Begin at the top of the records below and print each line exactly until the line containing "By gathering trees" has been printed; any pictures are to be left out.

[Dataset records]
--------
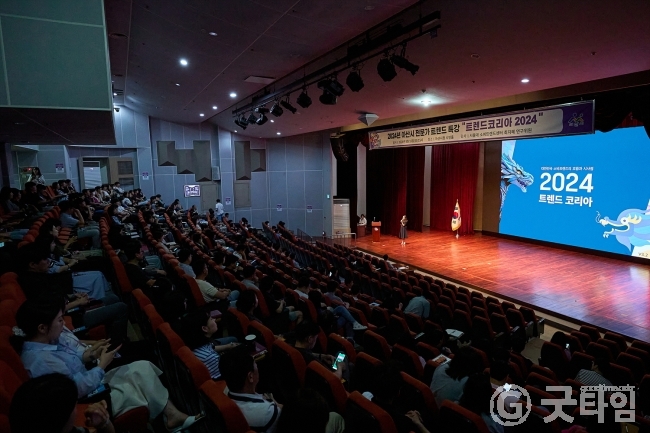 이번 강연에서 최지혜 박사는 2024년 10대 소비트렌드 키워드인DRAGON EYES를 중심으로 분초 사회, 요즘 남편 없던 아빠, 스핀오프 프로젝트, 호모 프롬프트(AI 활용 능력), 리퀴드 폴리탄, 돌봄경제 등 대한민국의 변화를 추동할 사회현상을 소개했다.
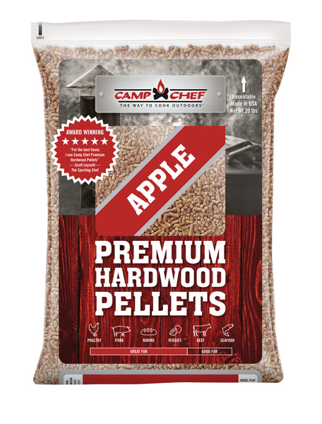 Camp Chef Premium Hardwood Pellets offer several flavor profiles for high grade beef, chicken, pork and fish. Also great with vegetables or baked goods.
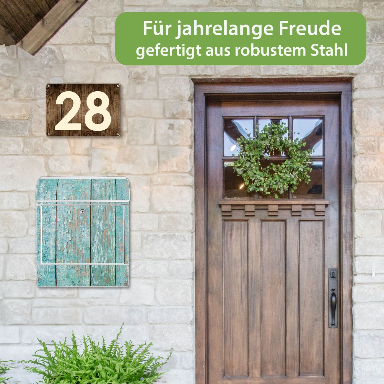 DESIGN: Der Postkasten mit Motiv Motiv Blaue Planken hat ein sehr ansprechendes und ausgefallenes Design, damit entlocken Sie Ihren Nachbarn und dem Postboten ein Lächeln. Heben Sie Sich von der tristen grauen Masse ab, ohne auf Funktionalität zu verzichten. DETAILS: Der Postkasten besteht aus pulverbeschichtetem Stahl. Er ist 38x46x12,5cm groß. Das Motiv besteht aus einer wetter- und UV-resistenten Folie, die mit einem Schutzlaminat überzogen ist, sodass der Briefkasten zusätzlich vor Kratzern geschützt ist. Der Briefkasten wird mit Montagematerial, zusätzlich zwei Schlüssel sowie einer Bohrschablone geliefert. NUTZEN: Sie können diesen Briefkasten sowohl als Wandbriefkasten montieren oder einen passenden Ständer kaufen und als Standbriefkasten einbetonieren. Die Größe bietet genügend Platz für Sendungen aller Art, der Einwurf fasst auch größere A4 Sendungen. BANJADO: Ihr Briefkasten wird in Sachsen in einer kleinen Manufaktur von Hand veredelt. Die Motivfolie ist lösungsmittelfrei und schutzlaminiert für einen langen Halt. Wir legen großen Wert auf die Verbindung von Funktionalität und Design. Sie erhalten Handarbeit aus Sachsen.
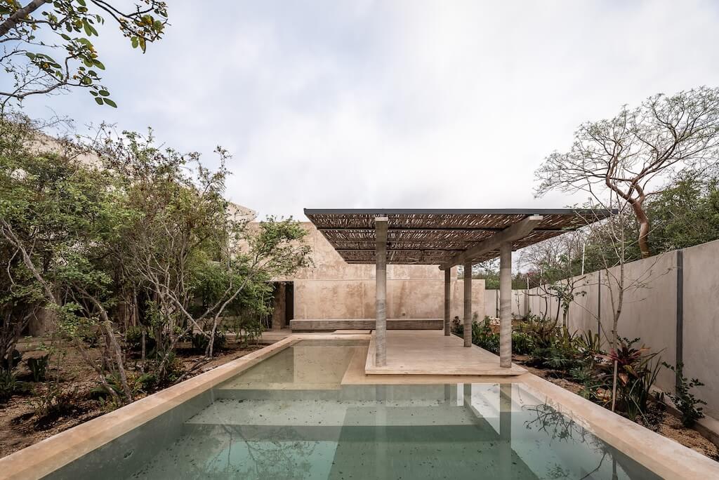 By gathering trees around a courtyard, the space turns into a sort of Yucatecan jungle, and we are also creating green views for every interior space of the home.
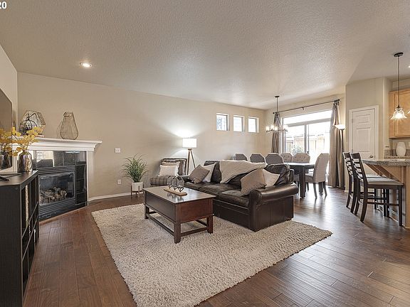Move in ready, immaculate home on a corner lot! Engineered hardwood floors throughout main floor and high ceilings. Great open concept with gas fireplace, kitchen with eating bar, tile counters, gas range, stainless refrigerator & pantry. 3 bedrooms plus vaulted loft w/ skylight. Double doors to vaulted master, double sinks, w/in closet. Another amazing feature of this home is the large backyard patio. It's big enough to entertain and more private than most. Come check it out today!
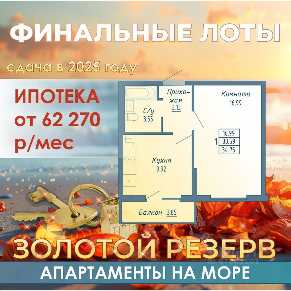 Продаются 1-комнатные апартаменты в строящемся доме (Строение 1), срок сдачи: IV-кв. 2025, общей площадью 34.75 кв.м., на 1 этаже. ''Бирюзовая бухта'' - трехсекционный восьмиэтажный апартаментный комплекс с развитой инфраструктурой, расположенный в экологически чистом районе города, в 15-ти минутах ходьбы до благоустроенной набережной и оборудованного, бесплатного песчаного пляжа. На территории комплекса и рядом с ним все, что нужно для комфортного проживания и отдыха - кафе, магазины, спортзал, зеленая территория, уютный двор. На крыше ''Бирюзовой бухта'' организовано дополнительное общественное пространство с шезлонгами, зонами отдыха с wi-fi, закрытыми от солнца столиками, лежаками.
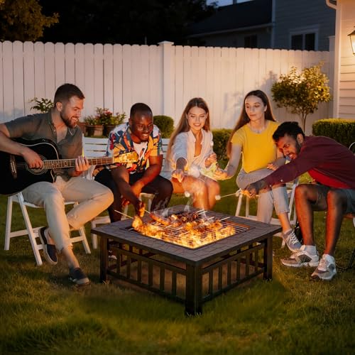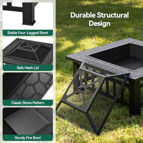 Warmiehomy Fire Pit For Garden, Outdoor Fire Pit Metal Wood Burning Square Firepits with Spark Protector Screen, Grate, Poker, Camping Firepit Table For Barbecue, Heating, Cooling (81L*81W*36H CM)
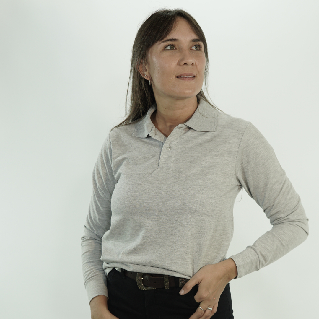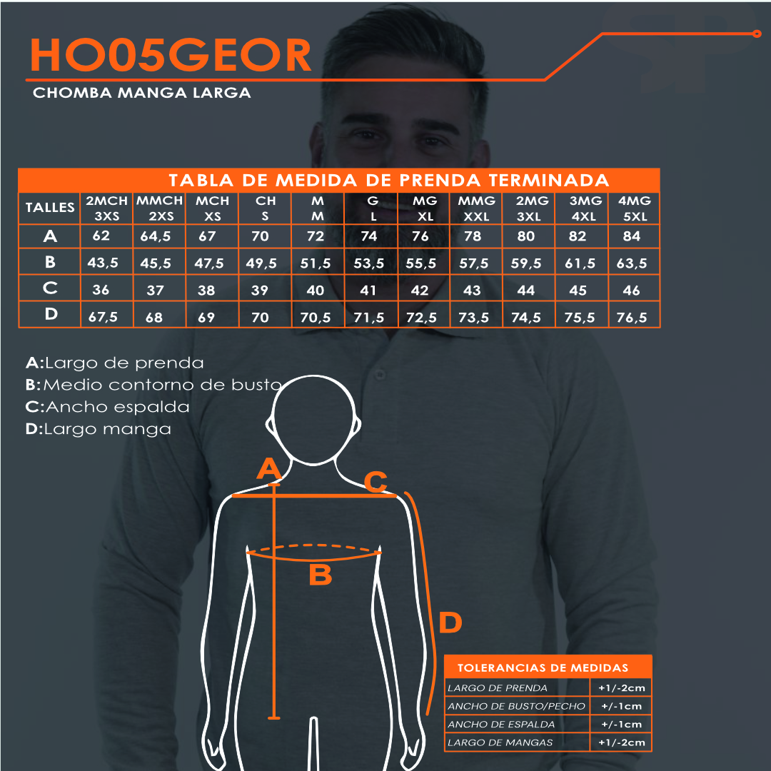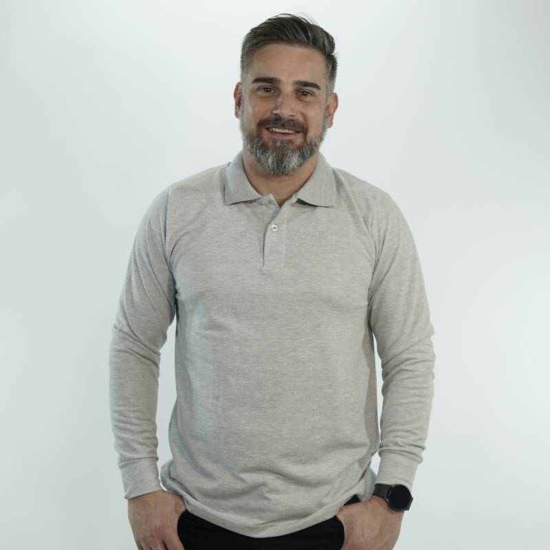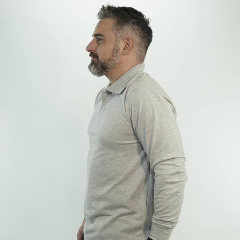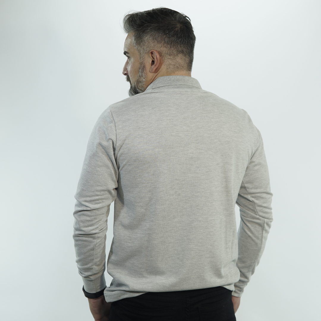 CHOMBA DE MICROPIQUÉ 50% ALGODÓN Y 50% POLIÉSTER, MANGA LARGA, CARTERA DE DOS BOTONES, PUÑOS AL TONO Y CUELLO TEJIDO. CALCE CÓMODO Y VERSÁTIL. TALLES DEL 3XS AL 5XL. EL MODELO USA TALLE M, MIDE 1,80 M Y PESA 75 KG APROX.
--------
#### OUTPUT BELOW
 이번 강연에서 최지혜 박사는 2024년 10대 소비트렌드 키워드인DRAGON EYES를 중심으로 분초 사회, 요즘 남편 없던 아빠, 스핀오프 프로젝트, 호모 프롬프트(AI 활용 능력), 리퀴드 폴리탄, 돌봄경제 등 대한민국의 변화를 추동할 사회현상을 소개했다.
 Camp Chef Premium Hardwood Pellets offer several flavor profiles for high grade beef, chicken, pork and fish. Also great with vegetables or baked goods.
 DESIGN: Der Postkasten mit Motiv Motiv Blaue Planken hat ein sehr ansprechendes und ausgefallenes Design, damit entlocken Sie Ihren Nachbarn und dem Postboten ein Lächeln. Heben Sie Sich von der tristen grauen Masse ab, ohne auf Funktionalität zu verzichten. DETAILS: Der Postkasten besteht aus pulverbeschichtetem Stahl. Er ist 38x46x12,5cm groß. Das Motiv besteht aus einer wetter- und UV-resistenten Folie, die mit einem Schutzlaminat überzogen ist, sodass der Briefkasten zusätzlich vor Kratzern geschützt ist. Der Briefkasten wird mit Montagematerial, zusätzlich zwei Schlüssel sowie einer Bohrschablone geliefert. NUTZEN: Sie können diesen Briefkasten sowohl als Wandbriefkasten montieren oder einen passenden Ständer kaufen und als Standbriefkasten einbetonieren. Die Größe bietet genügend Platz für Sendungen aller Art, der Einwurf fasst auch größere A4 Sendungen. BANJADO: Ihr Briefkasten wird in Sachsen in einer kleinen Manufaktur von Hand veredelt. Die Motivfolie ist lösungsmittelfrei und schutzlaminiert für einen langen Halt. Wir legen großen Wert auf die Verbindung von Funktionalität und Design. Sie erhalten Handarbeit aus Sachsen.
 By gathering trees around a courtyard, the space turns into a sort of Yucatecan jungle, and we are also creating green views for every interior space of the home.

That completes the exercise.